### Instructions to follow
In your reply, print every line of the listing exactly and omit all images.

### Dataset content
Segment Open

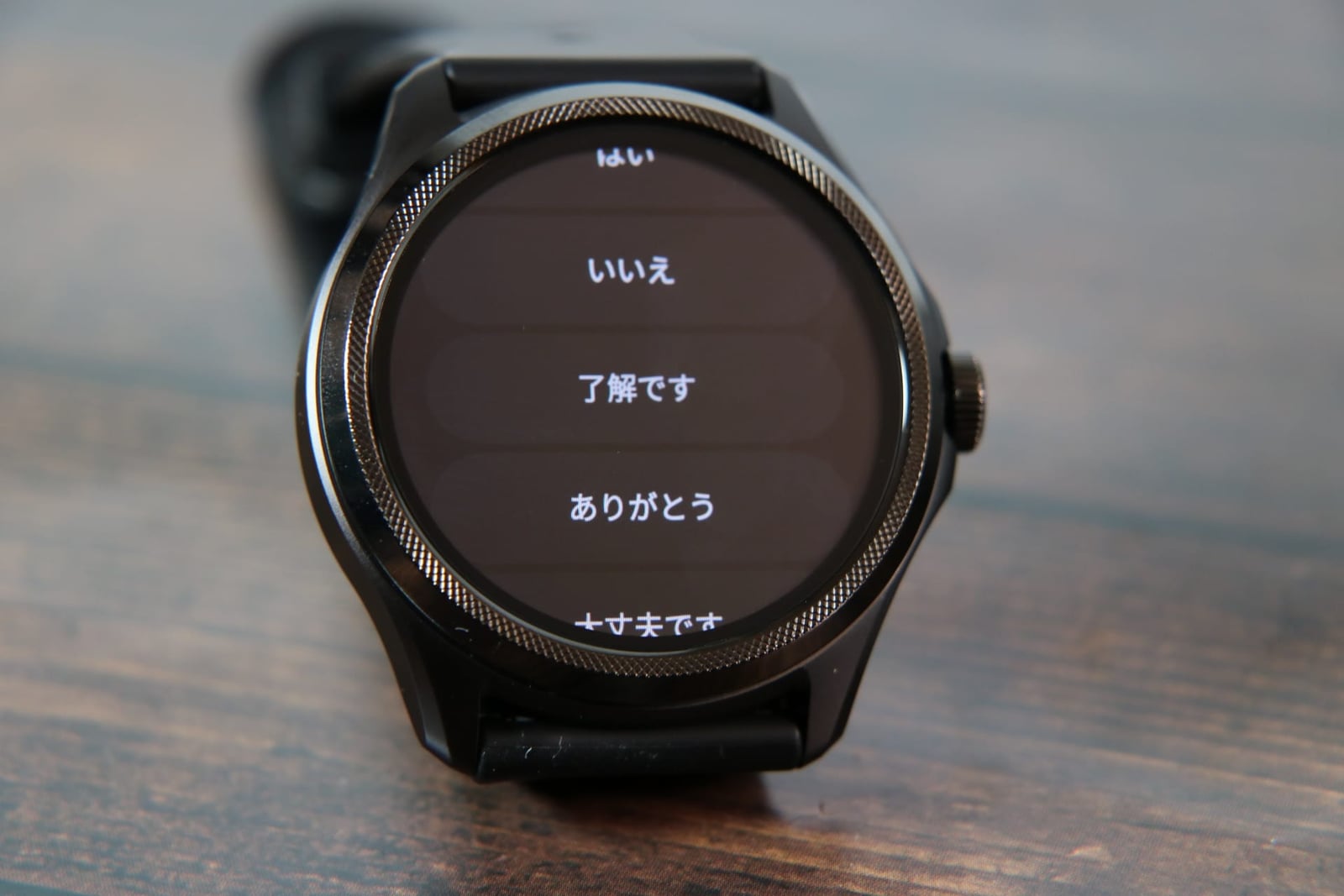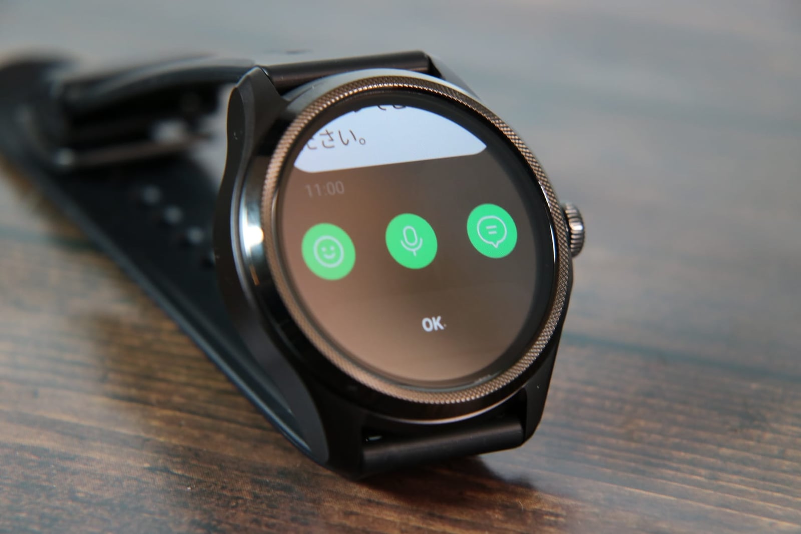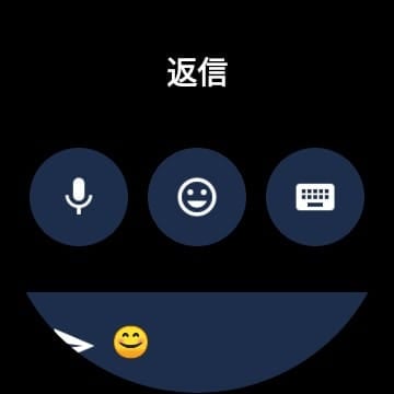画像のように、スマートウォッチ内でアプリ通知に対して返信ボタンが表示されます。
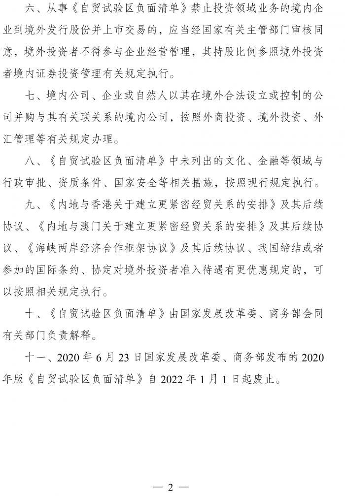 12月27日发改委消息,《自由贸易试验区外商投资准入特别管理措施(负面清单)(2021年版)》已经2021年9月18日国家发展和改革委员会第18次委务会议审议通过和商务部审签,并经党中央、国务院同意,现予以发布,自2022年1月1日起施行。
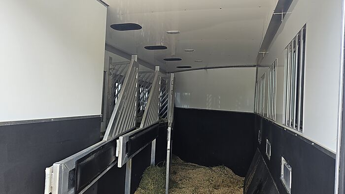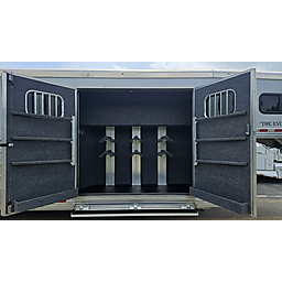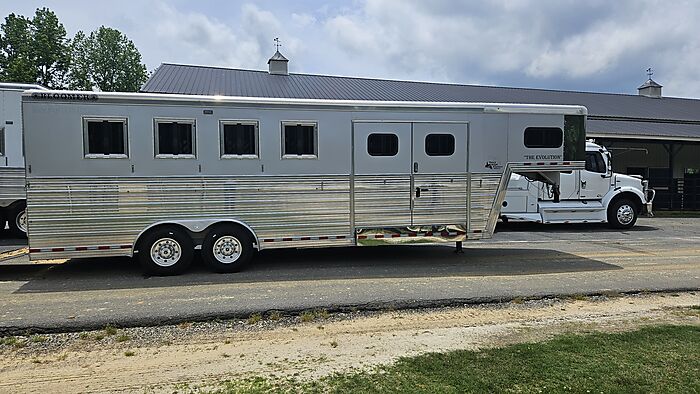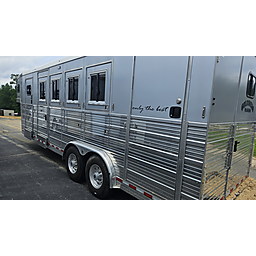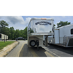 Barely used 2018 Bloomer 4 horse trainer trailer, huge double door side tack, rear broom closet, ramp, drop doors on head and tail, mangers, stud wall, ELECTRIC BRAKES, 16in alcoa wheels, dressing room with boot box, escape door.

Segment Closed

### Written reply
画像のように、スマートウォッチ内でアプリ通知に対して返信ボタンが表示されます。
 12月27日发改委消息,《自由贸易试验区外商投资准入特别管理措施(负面清单)(2021年版)》已经2021年9月18日国家发展和改革委员会第18次委务会议审议通过和商务部审签,并经党中央、国务院同意,现予以发布,自2022年1月1日起施行。
 Barely used 2018 Bloomer 4 horse trainer trailer, huge double door side tack, rear broom closet, ramp, drop doors on head and tail, mangers, stud wall, ELECTRIC BRAKES, 16in alcoa wheels, dressing room with boot box, escape door.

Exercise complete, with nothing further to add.